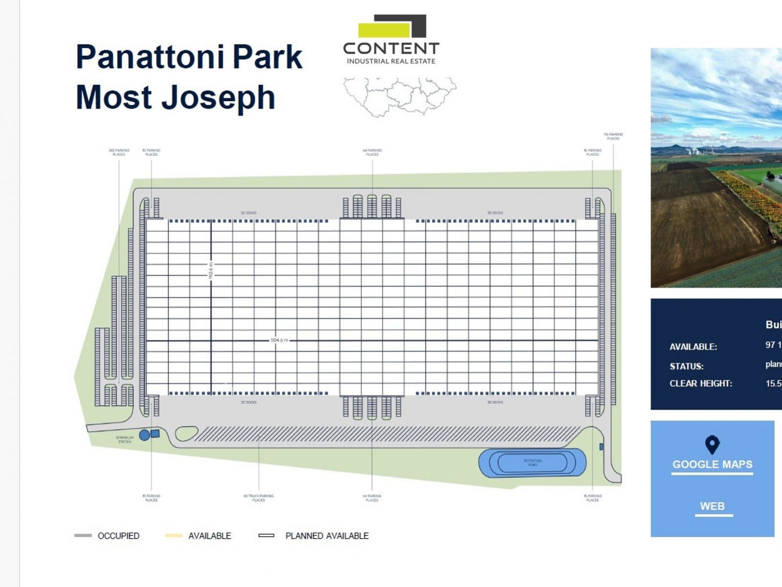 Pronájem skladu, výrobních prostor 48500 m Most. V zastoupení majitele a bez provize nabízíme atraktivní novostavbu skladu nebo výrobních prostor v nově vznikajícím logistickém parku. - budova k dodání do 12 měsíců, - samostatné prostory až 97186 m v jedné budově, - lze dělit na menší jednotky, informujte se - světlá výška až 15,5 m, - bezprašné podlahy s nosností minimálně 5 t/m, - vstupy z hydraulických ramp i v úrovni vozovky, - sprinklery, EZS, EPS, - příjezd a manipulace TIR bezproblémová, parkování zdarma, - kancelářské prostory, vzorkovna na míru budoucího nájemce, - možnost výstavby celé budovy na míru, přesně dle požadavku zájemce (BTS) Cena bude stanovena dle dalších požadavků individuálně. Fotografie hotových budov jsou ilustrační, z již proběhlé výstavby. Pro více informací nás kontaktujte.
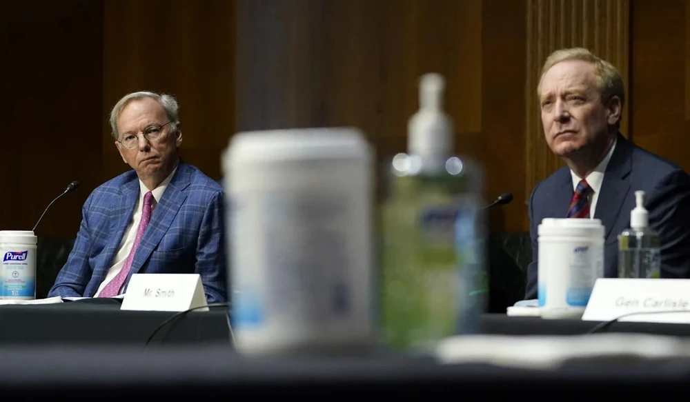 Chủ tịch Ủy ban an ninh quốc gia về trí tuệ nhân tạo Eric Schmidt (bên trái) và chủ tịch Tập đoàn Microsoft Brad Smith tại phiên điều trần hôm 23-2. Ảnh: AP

...

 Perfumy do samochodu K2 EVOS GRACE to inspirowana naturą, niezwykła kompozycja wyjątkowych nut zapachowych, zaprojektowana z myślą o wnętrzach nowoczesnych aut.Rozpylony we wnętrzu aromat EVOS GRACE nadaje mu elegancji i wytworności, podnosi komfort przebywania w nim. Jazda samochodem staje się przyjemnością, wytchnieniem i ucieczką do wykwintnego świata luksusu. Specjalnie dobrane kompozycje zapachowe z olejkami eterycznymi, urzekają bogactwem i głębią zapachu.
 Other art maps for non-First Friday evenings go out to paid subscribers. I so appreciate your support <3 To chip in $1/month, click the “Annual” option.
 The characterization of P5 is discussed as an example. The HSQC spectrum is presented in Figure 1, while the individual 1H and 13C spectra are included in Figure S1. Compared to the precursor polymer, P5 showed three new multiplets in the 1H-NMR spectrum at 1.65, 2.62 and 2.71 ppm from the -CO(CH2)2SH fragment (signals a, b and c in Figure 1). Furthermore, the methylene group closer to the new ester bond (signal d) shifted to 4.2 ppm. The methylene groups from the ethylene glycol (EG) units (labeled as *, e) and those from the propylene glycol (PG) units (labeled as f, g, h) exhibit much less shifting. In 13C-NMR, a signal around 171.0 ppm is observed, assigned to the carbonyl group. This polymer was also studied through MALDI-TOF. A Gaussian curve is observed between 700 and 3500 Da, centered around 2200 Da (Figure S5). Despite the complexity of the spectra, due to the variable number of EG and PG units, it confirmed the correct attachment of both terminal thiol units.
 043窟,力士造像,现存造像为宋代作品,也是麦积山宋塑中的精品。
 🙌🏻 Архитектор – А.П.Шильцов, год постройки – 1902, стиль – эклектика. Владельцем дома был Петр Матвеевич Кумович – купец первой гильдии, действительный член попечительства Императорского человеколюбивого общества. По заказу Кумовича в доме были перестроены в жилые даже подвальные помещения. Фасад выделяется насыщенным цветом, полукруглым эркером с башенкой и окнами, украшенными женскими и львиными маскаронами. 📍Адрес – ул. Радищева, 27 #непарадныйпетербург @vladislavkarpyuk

■ **Aim of the task**
Taking the line with "Other art maps" as the first and the line with "27 #непарадныйпетербург @vladislavkarpyuk" as the last, retype that stretch of the data above exactly, with no other lines.

■ **Problem solution**
 Other art maps for non-First Friday evenings go out to paid subscribers. I so appreciate your support <3 To chip in $1/month, click the “Annual” option.
 The characterization of P5 is discussed as an example. The HSQC spectrum is presented in Figure 1, while the individual 1H and 13C spectra are included in Figure S1. Compared to the precursor polymer, P5 showed three new multiplets in the 1H-NMR spectrum at 1.65, 2.62 and 2.71 ppm from the -CO(CH2)2SH fragment (signals a, b and c in Figure 1). Furthermore, the methylene group closer to the new ester bond (signal d) shifted to 4.2 ppm. The methylene groups from the ethylene glycol (EG) units (labeled as *, e) and those from the propylene glycol (PG) units (labeled as f, g, h) exhibit much less shifting. In 13C-NMR, a signal around 171.0 ppm is observed, assigned to the carbonyl group. This polymer was also studied through MALDI-TOF. A Gaussian curve is observed between 700 and 3500 Da, centered around 2200 Da (Figure S5). Despite the complexity of the spectra, due to the variable number of EG and PG units, it confirmed the correct attachment of both terminal thiol units.
 043窟,力士造像,现存造像为宋代作品,也是麦积山宋塑中的精品。
 🙌🏻 Архитектор – А.П.Шильцов, год постройки – 1902, стиль – эклектика. Владельцем дома был Петр Матвеевич Кумович – купец первой гильдии, действительный член попечительства Императорского человеколюбивого общества. По заказу Кумовича в доме были перестроены в жилые даже подвальные помещения. Фасад выделяется насыщенным цветом, полукруглым эркером с башенкой и окнами, украшенными женскими и львиными маскаронами. 📍Адрес – ул. Радищева, 27 #непарадныйпетербург @vladislavkarpyuk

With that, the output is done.